Intel CEO Brian Krzanich directly addressed the questions about the security of Intel processors during the Intel earnings call on Jan. 25 even before reporting Intel’s strong results.
“We've been around the clock with our customers and partners to address the security vulnerability known as Spectre and Meltdown,” Krzanich said during the call. “While we made progress, I'm acutely aware that we have more to do, we've committed to being transparent keeping our customers and owners appraised of our progress and through our actions, building trust.”
Krzanich said that Intel is going to focus in the near term on delivering high-quality mitigations to protect customers from potential Meltdown and Spectre exploits. He also added that Intel would incorporate silicon-based changes into its new processor designs scheduled for release later this year to eliminate the threat from Spectre and Meltdown.
Exactly when the additional mitigations or the new processors will appear is unclear. Krzanich did not provide any specifics on when to expect further fixes or in what form they might come.
There were also no specifics on exactly when Intel learned about the vulnerabilities, but rumors have been making the rounds that Intel probably learned about the problems during the early summer of 2017 and only admitted to the problems when independent researchers went public.
In fact, the rumors about Intel’s secrecy regarding the vulnerabilities have been referred to as an information embargo, suggesting that there was a coordinated effort among several technology companies to keep the vulnerabilities under wraps.
Public attention to the alleged embargo has reached the point that Congress has now become involved. On Jan. 24, the House Energy and Commerce Committee announced that it was sending a letter to executives at seven technology companies demanding more information on whether the embargo existed, why it took place and whether proper authorities were notified. The companies were Apple, AMD, Amazon, ARM, Google, Intel and Microsoft.
The Committee’s letter acknowledged that Intel and the technology industry in general had reacted quickly to fix the problem starting in June, 2017. But the letter also said that some members of the industry had expressed concern about the information embargo agreed to by several companies involved.
“This embargo restricted the dissemination of information related to the vulnerabilities outside of these companies,” the letter said, noting that originally the information was going to be released in January, 2018.
The letter also noted that the embargo raised questions related to the effect and appropriateness of the embargo on companies not originally included in the June 2017 disclosure and thus were caught off guard. The letter questioned why only ten companies were eventually included in the group sharing the information.
“We believe that this situation has shown the need for additional scrutiny regarding multi-party coordinated vulnerability disclosures,” the letter continued. “As demonstrated by numerous incidents over the past several years, cyber-security is a collective responsibility. Further, it is a responsibility that is no longer limited solely to the information technology sector; connected products exist in electric grids, hospitals, manufacturing equipment, and in innumerable other sectors.”
The letter from the committee also asked a series of nine very pointed questions, starting with why the embargo was imposed, what companies proposed the embargo and whether US-CERT or CERT/CC were informed of the vulnerabilities.
Other questions requested details on any negative impacts resulting from an embargo on critical infrastructure or other IT companies. Other questions related to lessons learned from such a multi-party embargo.
Even if the committee gets detailed answers to all of these questions, you can assume there committee will hold a hearing perhaps followed by one before the Senate Commerce Committee as well. The concern is not that the vulnerabilities exist, but rather whether critical users as well as the public at large should have known about them sooner.
As it stands right now, it appears that the chip makers were planning to come up with fixes to the vulnerabilities and then just sort of release them without much explanation. This is the reason why the Congressional letter asked about notifications to the IT sector as well as to government users.

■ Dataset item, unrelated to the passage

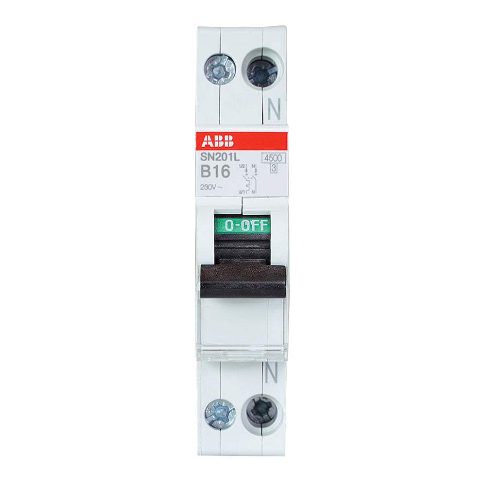 ABB installatieautomaat 1-polig+nul 16A B-kar (2CSS245101R0165)

As the letter points out, during the six month window between when the vulnerability was known and when it was fixed, nobody was aware they had to take certain precautions.
For Intel and the other chip makers, this story is far from over. While it would be wrong to fault the chipmakers for creating processors with a vulnerability that nobody suspected could exist until researchers figured it out, they still have the responsibility to fix it.
Meanwhile, bad actors are everywhere, especially those with the resources provided to state-sponsored hackers, know what they have to do and know how to do it. The next question won’t be whether such an exploit will exist, but rather who will the first to take advantage of it.
“This will be an ongoing journey,” Krzanich said during his call, “but we're committed to the task and I'm confident we’re up to the challenge.” Unfortunately for everyone involved, it’s proving to be very great challenge indeed.